ST: In the climate science community, they produced a publication that described each major dataset. DA: Some time ago we put a data set online, it's been used in 150 papers, none of which has cited it.
- GRAND CHALLENGE 2
How you compose the work of multiple modelling groups or multiple data curation groups, even within a single discipline?
FM: Is this providing core, generic, technology or a set of methods you can teach people? MA: The challenge isn't stated at the level of technology but can also include sociology etc. ST: The problem is particularly with distributed communities.
- GRAND CHALLENGE 3
How can we find more champions in, and disseminate skills across, more disciplines?
AV: Is the question about comparing who people work in different disciplines and training people to do this?
- GRAND CHALLENGE 4
Correctly identifying where to use top-down and when to use bottom-up approaches.
FM: Is the leader of a project is not the business owner, the chances of success are low. AL: You can't produce a complete stalinist economy but e-science centres can identify products that people will want to use.
- GRAND CHALLENGE 5
How do you use 30 years of satellite climate data to evaluate and refine climate models.
- GRAND CHALLENGE 6
A researcher should feel that all the world's data sets are in their laptop. (Analogous to the WWW).
- GRAND CHALLENGE 7
Modelling the fly brain is an example of having to integrate data and computational models across multiple levels from molecular events to how an organisms behaves/interacts with its environment.
- GRAND CHALLENGE 8
To get academic recognition for all the work required to make e-science happen.
ST: Perhaps an analogy is with statisticians, who are one of the few academic disciplines that focus on working with others.
- What are the steps to address those challenges?
MA: We need to solve particular cases before we attempt to do it more broadly.
AL: Identify some problems that can be solved centrally and then be rolled out. [E.g. a national file system]
FM: Areas of success are where leaders have come from the discipline area.
MA: We need a journal of e-Science
We need funding models to establish common formats or vocabularies in particular areas.
AV: How can the e-science community distill the experience gained by the leading-edge projects known more widely. MA: Perhaps we need people whose job it is to do this. FM: It would be good if the articles in the NeSC newsletter could have more information about this. DA: The overhead in communicating is a problem for smaller projects - larger projects often have dedicated staff and resources for this. AV: In JISC terminology, it's the Service Usage Model. A key oint is understanding how your problem is similar and how it differs. ST: This is e-Science as Knowledge Transfer. MA: We need to write this down more - which things work and which don't. One of the problems is that we've had to pretend that everything works. DB: Do we know how to evaluate e-science methods?
- How do we need to change to meet these challenges?

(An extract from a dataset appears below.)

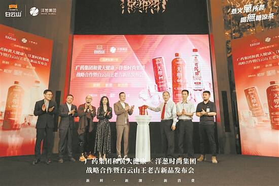 今年5月1日,洋葱集团联合广药集团和黄大健康产品有限公司,发布了双方首次共同研制的白云山王老吉复潮新品饮料——新款无糖凉茶与气泡凉茶。这两款产品是针对年轻人群“朋克养生”生活特点,打造的细分功能饮料新品,由洋葱集团全渠道销售。

- What is the road map to get e-Science ready for 21st Century challenges?
PEOPLE
- Freddie Moran (chair)
- Doug Armstrong
- Andy Lawrence
- Simon Tett
- Alex Voss
- Malcolm Atkinson
- Dave Berry (reporter)
INTRODUCTORY SALVOS
AL: Central command hasn't worked cross-discipline. Astronomers have used this approach within a discipline. AL has sometimes felt out of place at previous e-science meetings precisely because the astronomers were doing things differently. Astronomers around the world have agreed on standards formats/protocols for publishing data. But if you get too ambitious it becomes difficult to involve everybody - it's hard enough to do this for astronomy. Approx 30,000 astronomers worldwide. Approx 30 major data centres.
AV: Social Sciences have been struggling from the beginning to agree on many things, e.g. what is "society", what is the unit of analysis? Nevertheless, they do draw on e.g. census data. [MA: They also define their own spatial data standards and temporal data standards.] AV: Different types of social scientists will make different use of e-science, e.g. econometricians vs. ethnomethodologists. Some make notes on paper only, at the other extreme people are modelling societies on the NGS. AV: Command e-science is one model of innovation. If we look at models of innovation, top-down/bottom-up is one dimension. Where to the people who make the decisions get their authority? Are they just hoping that the standards they define will get adopted before the next wave of technology? They need to be well-aware of what else is going on.
ST: ST has been working in the Met Office, which seen from outside is a command-and-control organisation. In mid-90s, began work on a vocabulary to store climate models. At that time, there were only 10-20 groups worldwide capable of running climate models. Bringing data together, particularly satellite data and comparing it with models, is a major challenge. Other thoughts: no individual or even a single institution can build all the components of a climate model (e.g. ocean modelling, ice modelling, atmosphere modelling, ...). How do we persuade the academic community to adopt a software engineering process and framework to link these together, when there is no academic incentive to do so. In geography there are many researchers who aren't as numerate as physicists; how can we bring them together to analyse data and answer shared questions (policy, models, etc.)
FM: Is the e-science technology being pushed or pulled? At what levels of a technology stack are the disciplines working - shared computational resources, shared data, analytical applications.
ST: ST's prejudice (his word) is that computer scientists aren't much help. Computational scientists within the discipline drive things along.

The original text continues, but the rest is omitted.